Beaming a warp has never been one of my favorite steps in weaving. A lot can go wrong, especially when working alone. I have good intentions of building a warping ‘valet’ or ‘trapeze’ but I didn’t feel like going in to town this weekend to pick up the necessary lumber. However, I realized that I could use weights on the bouts of warp and could expect better results than the crank, yank and cross your fingers method that I have been using.
What to use for weights? I drink water, so I didn’t have any stray milk or juice containers in my recycling bin. I could use rocks, because this part of New England is famous for its rocky soil, and I had dug up plenty of them when preparing the flower garden last month. Rocks need to be washed, weighed and bagged, and that seems like a lot of work. What to use? Back to the fact that I drink water. I have collapsible water bottles in my camping gear. I have a pair of one liter bottles for the seltzer maker. All told, I was able to round up enough bottles to put 2.5 kg. of weight on each of the two bouts of warp.

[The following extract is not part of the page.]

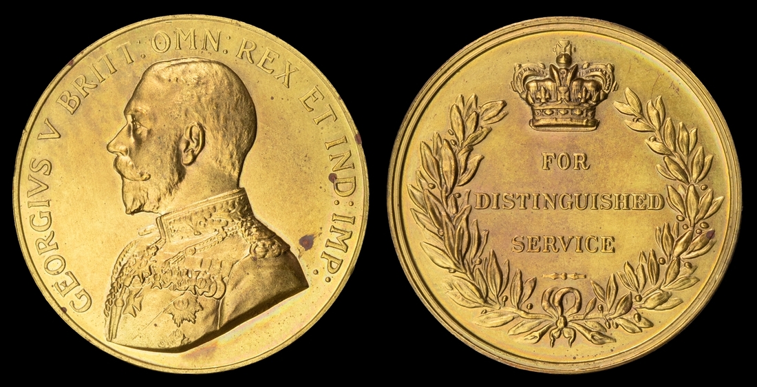 Distinguished Service Medal, G.V.R., a possible trial piece or specimen in gilt bronze, 25.53g, unnamed as issued, a couple of spots of gilt absent, otherwise good very fine and scarce

That has to be the smoothest warp I have ever beamed on. It’s neatly packed with sticks, and for once in my life, I finally have enough sticks to do the job right.
With this loom, taking my time and doing things right feels natural and good. I want to understand each cord and know its purpose. I am determined to have each cord in a set be the same length, so that I can know that they are in balance. With the right tools and the right skills, there is nothing to dread about any step of weaving.
It is worth every careful step, because I am home and I have the loom of my dreams.